День клонится — вернее, уже совсем склонился — к вечеру. За фанерной перегородкой, не доходящей до лепного потолка, старик Назвич (ему перевалило за пятьдесят), бухгалтер, рассказывает моему отцу, такому же старику, о своих военных приключениях. Говорит Назвич по-русски, хотя и с сильным польским акцентом: его несловоохотливый собеседник не знает идиша. Мальчик иногда прислушивается. Многие слова ему незнакомы: гетто, юденрат, цадик, — зато другие, например, рейх, гестапо, звучат почти как родные: все вокруг ещё живут войной. Неужели это тихий, чинный и совершенно лысый человек бежал из немецкого лагеря, сражался в партизанах? А вот отец не воевал, и это — стыдно: у всех отцы воевали, у многих погибли. Не оттого ли он и молчит, слушая Назвича?

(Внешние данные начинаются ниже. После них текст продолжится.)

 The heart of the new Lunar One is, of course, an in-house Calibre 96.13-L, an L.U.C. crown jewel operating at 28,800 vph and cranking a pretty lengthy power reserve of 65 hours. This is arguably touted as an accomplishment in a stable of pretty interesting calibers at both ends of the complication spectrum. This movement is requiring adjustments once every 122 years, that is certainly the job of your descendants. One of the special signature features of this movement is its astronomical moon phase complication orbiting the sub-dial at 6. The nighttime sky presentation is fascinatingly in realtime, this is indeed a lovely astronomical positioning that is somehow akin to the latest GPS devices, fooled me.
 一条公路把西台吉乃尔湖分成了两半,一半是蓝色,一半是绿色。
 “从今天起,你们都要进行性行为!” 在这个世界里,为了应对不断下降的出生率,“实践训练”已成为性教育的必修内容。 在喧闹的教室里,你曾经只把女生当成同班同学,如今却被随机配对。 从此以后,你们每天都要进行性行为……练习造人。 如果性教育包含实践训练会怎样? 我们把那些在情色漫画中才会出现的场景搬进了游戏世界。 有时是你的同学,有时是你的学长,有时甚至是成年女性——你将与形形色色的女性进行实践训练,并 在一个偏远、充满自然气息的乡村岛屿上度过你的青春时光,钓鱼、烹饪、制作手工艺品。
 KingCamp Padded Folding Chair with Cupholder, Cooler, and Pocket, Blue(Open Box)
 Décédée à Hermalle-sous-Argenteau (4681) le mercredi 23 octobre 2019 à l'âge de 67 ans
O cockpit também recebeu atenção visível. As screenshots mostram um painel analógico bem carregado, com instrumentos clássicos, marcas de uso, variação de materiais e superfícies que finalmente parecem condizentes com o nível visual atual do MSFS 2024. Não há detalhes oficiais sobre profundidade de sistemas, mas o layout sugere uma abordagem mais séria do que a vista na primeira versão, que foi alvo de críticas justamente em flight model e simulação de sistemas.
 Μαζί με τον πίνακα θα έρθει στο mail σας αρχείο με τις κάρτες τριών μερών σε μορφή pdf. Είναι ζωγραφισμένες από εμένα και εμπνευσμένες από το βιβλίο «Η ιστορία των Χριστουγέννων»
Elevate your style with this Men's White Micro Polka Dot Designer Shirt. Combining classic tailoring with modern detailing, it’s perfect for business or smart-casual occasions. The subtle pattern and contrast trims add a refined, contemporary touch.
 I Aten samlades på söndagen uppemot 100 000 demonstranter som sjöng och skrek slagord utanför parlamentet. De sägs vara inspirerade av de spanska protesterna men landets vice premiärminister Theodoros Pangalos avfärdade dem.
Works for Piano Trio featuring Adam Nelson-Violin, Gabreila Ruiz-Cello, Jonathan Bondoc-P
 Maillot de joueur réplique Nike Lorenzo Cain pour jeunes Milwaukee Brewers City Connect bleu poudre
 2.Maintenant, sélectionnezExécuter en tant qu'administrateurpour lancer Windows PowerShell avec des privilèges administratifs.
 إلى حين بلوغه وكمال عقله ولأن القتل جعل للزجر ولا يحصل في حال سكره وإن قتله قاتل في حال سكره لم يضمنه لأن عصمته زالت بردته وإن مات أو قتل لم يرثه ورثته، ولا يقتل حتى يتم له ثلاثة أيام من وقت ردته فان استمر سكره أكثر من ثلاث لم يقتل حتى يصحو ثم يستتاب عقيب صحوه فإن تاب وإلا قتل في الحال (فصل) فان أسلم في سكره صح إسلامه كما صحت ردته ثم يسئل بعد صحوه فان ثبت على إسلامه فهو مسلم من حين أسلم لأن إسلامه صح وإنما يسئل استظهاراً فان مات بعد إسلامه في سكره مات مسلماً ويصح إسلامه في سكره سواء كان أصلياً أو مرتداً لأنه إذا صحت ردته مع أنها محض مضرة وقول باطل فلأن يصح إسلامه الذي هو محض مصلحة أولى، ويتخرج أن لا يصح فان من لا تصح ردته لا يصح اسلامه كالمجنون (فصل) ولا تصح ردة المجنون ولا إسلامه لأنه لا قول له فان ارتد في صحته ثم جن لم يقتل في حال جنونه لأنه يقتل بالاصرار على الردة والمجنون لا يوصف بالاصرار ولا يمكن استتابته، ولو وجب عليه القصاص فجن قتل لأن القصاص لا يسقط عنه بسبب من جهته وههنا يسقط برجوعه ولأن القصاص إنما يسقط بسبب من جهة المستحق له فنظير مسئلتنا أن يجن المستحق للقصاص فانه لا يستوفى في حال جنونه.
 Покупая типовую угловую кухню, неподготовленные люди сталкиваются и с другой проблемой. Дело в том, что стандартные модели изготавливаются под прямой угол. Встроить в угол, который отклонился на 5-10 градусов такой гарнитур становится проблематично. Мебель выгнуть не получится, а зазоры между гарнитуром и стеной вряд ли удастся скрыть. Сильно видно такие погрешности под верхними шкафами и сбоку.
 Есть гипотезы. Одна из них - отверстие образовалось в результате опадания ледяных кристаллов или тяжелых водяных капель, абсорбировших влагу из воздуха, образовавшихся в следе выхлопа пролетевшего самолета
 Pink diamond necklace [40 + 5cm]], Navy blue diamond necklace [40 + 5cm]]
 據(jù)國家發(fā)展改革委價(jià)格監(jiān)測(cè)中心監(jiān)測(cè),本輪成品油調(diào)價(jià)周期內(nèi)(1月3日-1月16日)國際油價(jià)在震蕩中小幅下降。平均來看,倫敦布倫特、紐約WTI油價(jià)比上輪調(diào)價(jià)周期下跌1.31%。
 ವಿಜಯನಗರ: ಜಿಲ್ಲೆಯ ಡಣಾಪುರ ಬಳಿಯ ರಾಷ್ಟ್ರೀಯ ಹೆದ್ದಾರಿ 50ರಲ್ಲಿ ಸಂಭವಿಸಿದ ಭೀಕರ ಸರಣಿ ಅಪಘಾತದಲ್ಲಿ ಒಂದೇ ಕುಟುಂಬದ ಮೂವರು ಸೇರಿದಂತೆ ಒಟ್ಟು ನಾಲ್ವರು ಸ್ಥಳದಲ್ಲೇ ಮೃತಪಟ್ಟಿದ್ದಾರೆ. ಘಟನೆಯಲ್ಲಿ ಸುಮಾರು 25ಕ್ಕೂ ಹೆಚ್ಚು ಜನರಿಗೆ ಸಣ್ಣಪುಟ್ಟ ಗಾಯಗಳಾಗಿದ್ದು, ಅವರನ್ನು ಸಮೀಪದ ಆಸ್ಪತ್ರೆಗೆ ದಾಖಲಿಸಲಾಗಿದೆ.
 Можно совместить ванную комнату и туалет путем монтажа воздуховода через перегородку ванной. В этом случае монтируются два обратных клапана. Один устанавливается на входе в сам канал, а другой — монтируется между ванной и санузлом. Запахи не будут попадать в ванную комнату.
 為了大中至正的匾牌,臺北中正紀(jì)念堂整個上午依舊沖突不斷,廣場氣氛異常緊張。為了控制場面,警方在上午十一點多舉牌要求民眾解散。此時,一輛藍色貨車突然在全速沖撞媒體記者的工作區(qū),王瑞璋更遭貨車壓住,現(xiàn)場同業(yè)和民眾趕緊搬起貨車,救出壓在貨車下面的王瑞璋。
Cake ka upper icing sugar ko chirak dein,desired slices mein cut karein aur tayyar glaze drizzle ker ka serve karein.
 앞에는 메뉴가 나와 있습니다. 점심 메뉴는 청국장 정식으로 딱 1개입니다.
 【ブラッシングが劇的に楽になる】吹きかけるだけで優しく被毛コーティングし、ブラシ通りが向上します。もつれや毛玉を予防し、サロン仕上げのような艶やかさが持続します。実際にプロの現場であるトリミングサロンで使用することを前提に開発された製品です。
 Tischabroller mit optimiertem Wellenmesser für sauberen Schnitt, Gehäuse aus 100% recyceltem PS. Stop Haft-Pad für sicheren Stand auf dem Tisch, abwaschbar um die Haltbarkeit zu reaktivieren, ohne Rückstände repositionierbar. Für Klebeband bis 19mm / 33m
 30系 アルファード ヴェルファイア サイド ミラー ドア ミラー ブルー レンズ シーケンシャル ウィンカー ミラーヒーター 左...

Привязанности часто начинаются взаимным отталкиванием, учат нас беллетристы. Мы снисходительно разглядываем эту сентенцию — и тут вдруг она, не спросясь, становится не чьим-то, а нашим опытом, нашим биографическим фактом, — и утрачивает черты банальности. Остается утешать себя мыслью, что банальность отвечает на вопрос как? , а не на вопрос что? .
В институте, куда я угодил по распределению (аббревиатура его названия звучала несколько апокалиптически, напоминая имя чудовищной рыбы из Ветхого Завета), занимались разведывательной съемкой Сибири, в основном — к северу от Иркутска: искали пьезосырьё и алмазы. Тон у нас задавала романтизированная геологическая молодёжь, этакая богема от науки, овеянная героикой экспедиций и славой находок. Идеи служения высокому тут подразумевались — и будто оправдывали разгул, беспорядочность и браваду, во всяком случае, мирно уживались с ними. Грубость и эксцентричность (т.е., собственно, мат и запои) прозрачно указывали на талант, наоборот, сдержанность и даже простая вежливость — на малодушие. Это был театр для себя. Теперь его нельзя вспомнить без улыбки, хотя, конечно, и хорошего было немало... А Португалец был медлителен, голоса никогда не повышал, слова выбирал тщательно и — как никто из нас — умел слушать собеседника. Эти повадки давали пищу насмешникам; и они так не вязались с его южной внешностью...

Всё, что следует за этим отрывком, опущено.